Obama’s Regulatory Reform Agenda

The Bush approach to financial regulation didn't work out very well.

The Bush approach to financial regulation didn't work out very well.

Some on the left seem somewhat disappointed in the administration’s regulatory reform proposals. I think that’s misguided, and it comes from probably expecting too much from prophylactic regulation. If you look back at the Clinton and Bush years, it’s simply not the case that we had a situation wherein executive branch policymakers were chomping at the bit to clamp down on financial malfeasance and were being held back by a lack of statutory regulatory authority. In part, we can question the judgment of the policymakers but we also need to recognize that it’s an inherently difficult situation. Our past two bubbles have brought extremely low unemployment, and created huge quantities of paper wealth that individuals became psychologically anchored to. You can give regulators all the statutory authority you like, and the fact remains that there’s bound to be enormous reluctance to actually pull the trigger. It’s always hard to get government to clamp down on activities that very rich and powerful people want to engage in. When you’re talking about doing so in a way that could also jeopardize the jobs and 401(k)s of a mass public, well, it’s very hard.

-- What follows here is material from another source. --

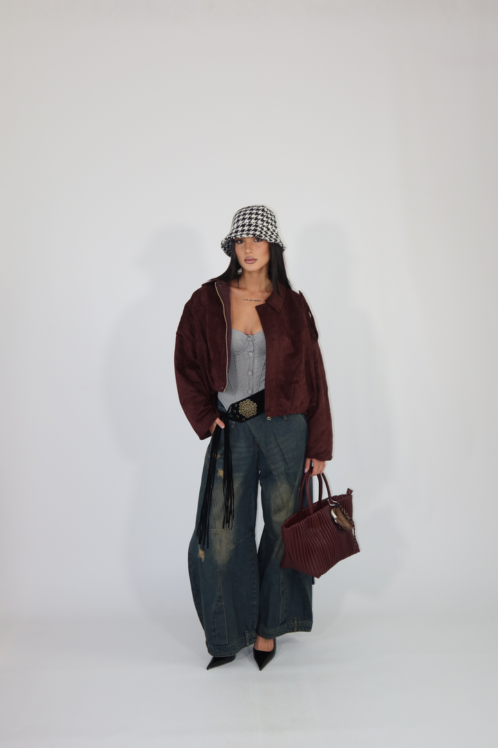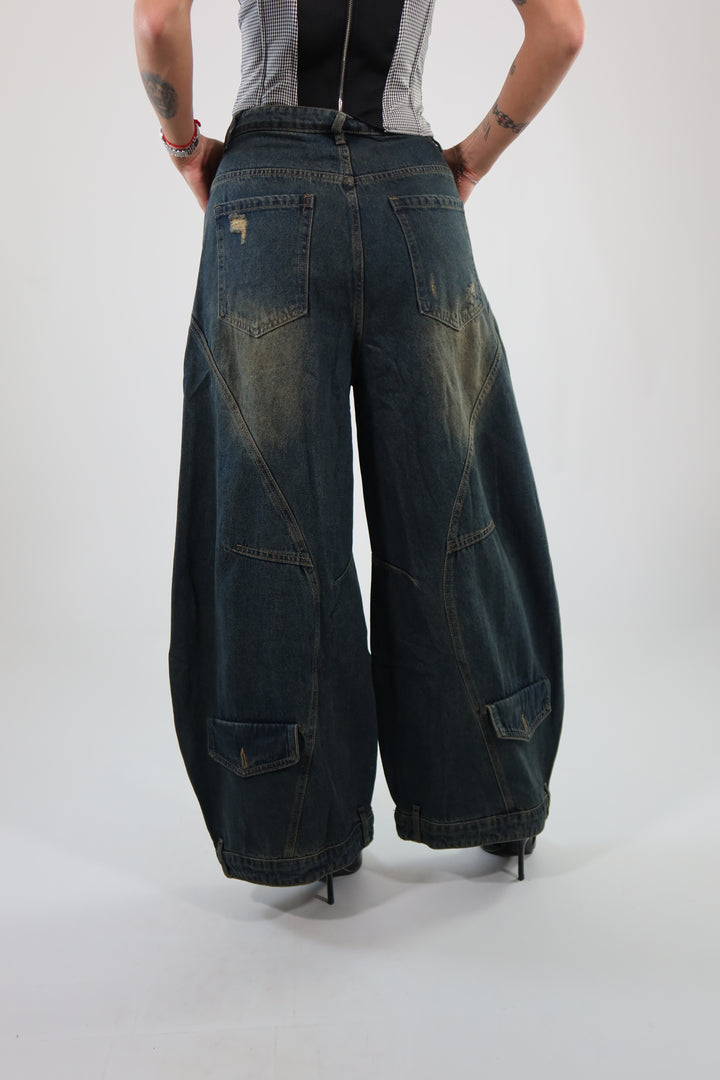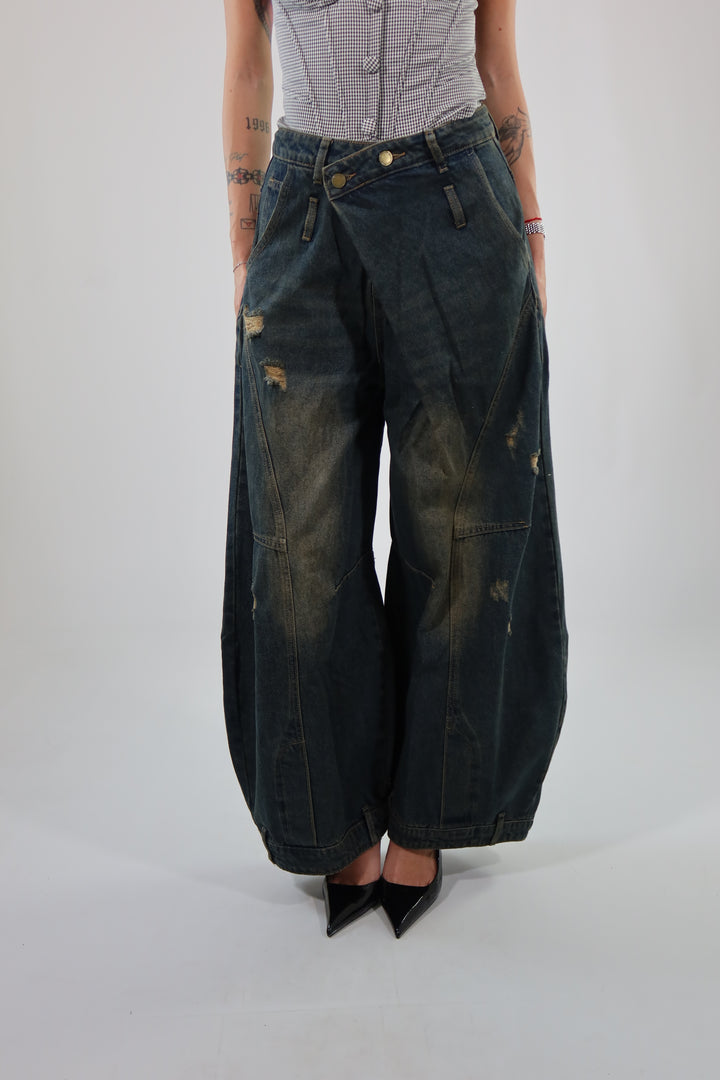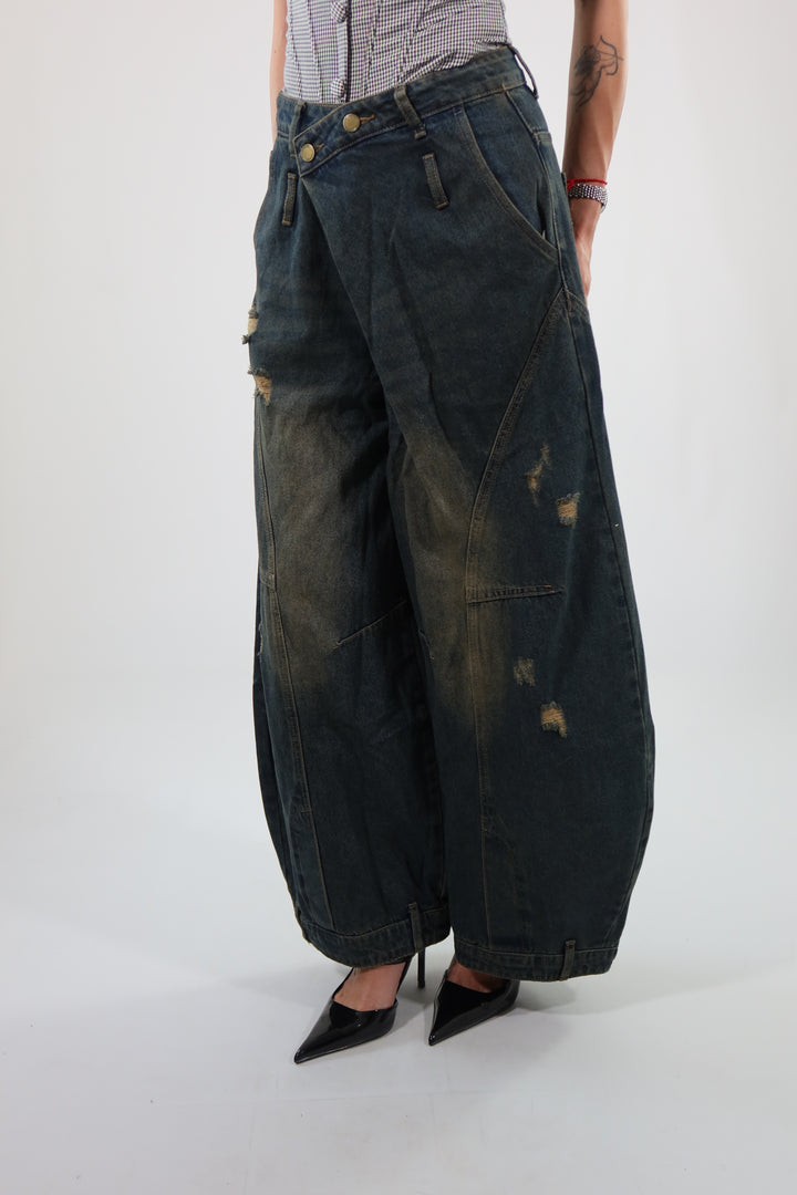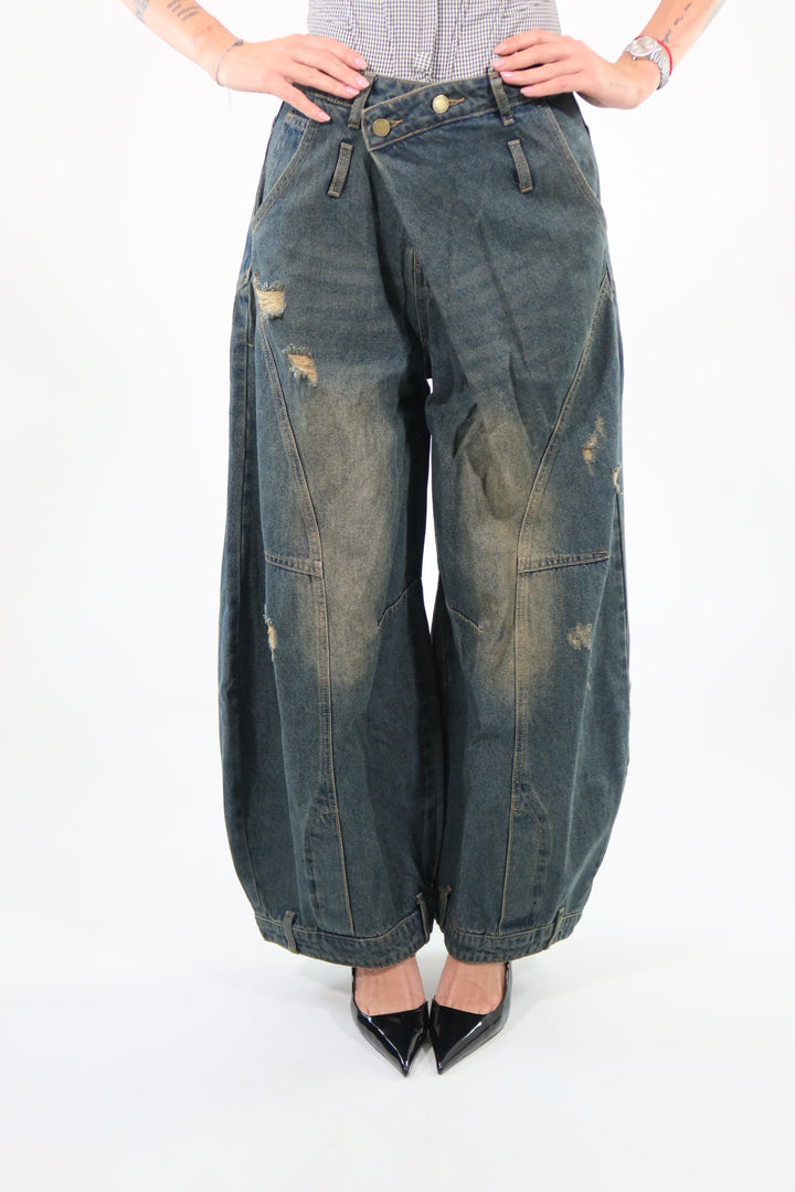 Jeans ballon con strappi lavaggio vintage, la modella indossa la taglia S ed è alta 1.72.
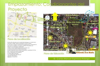 El proyecto está ubicado en el barrio Santa Rosa, Managua, en una zona de alta concentración comercial y poblacional, abarcando un área de 96,921 m2. El terreno presenta un suelo arenoso y moderadamente blando, lo que exigirá un mejoramiento para cumplir con la normativa de construcción, especialmente en una región sísmica. A pesar de contar con infraestructura básica, la escasez de agua y el alto nivel de ruido son desafíos importantes a considerar en el diseño del proyecto deportivo propuesto.

Under the circumstances, parking systemic risk authority at the quasi-insulated Fed seems like the right call. So that’s one important decision the administration got right—to not hubristically insist that they, themselves would be immune to the political factors that make it difficult to do this kind of thing correctly.

What’s more, their regulatory package is reasonably strong on two ideas that I think could work. On the one hand, they have this consumer protection business. That’s probably not essentially to preventing global financial panics, but it will help protect the interests of individuals who interact with the financial system. That’s important. It also continues to be somewhat unclear exactly how much of the bad lending activity was truly fraudulent, but it’s at least possible that stronger consumer protections will help keep things under control. Last and most important of all, I think, is the idea of creating a clear legal process for the “resolution” of large, complicated financial firms. This is the one aspect of the crisis where I think you really can say that policymakers did want to do something different and better than what they did (ad hoc bailouts and bankrupties) and really were restrained by a lack of statutory and regulatory authority. There’s a plausible story to be told in which the global financial panic was caused less by the collapse of the bubble per se than by the fact that the system had no real way to process the failure of certain kinds of firms. Resolution authority, if done well, could really make a huge difference in the future. In my opinion, that’s the most important piece of the puzzle, and I think it’s right of the administration to focus on getting that piece right rather than to expend energy fighting battles about the organization chart.

All told, I don’t think we should place enormous faith in the idea that any regulatory setup will work forever and ever. Under the circumstances, these proposals seem like a plausible improvement on the status quo and should also leave us in a much better situation to mop up a future mess if it arises.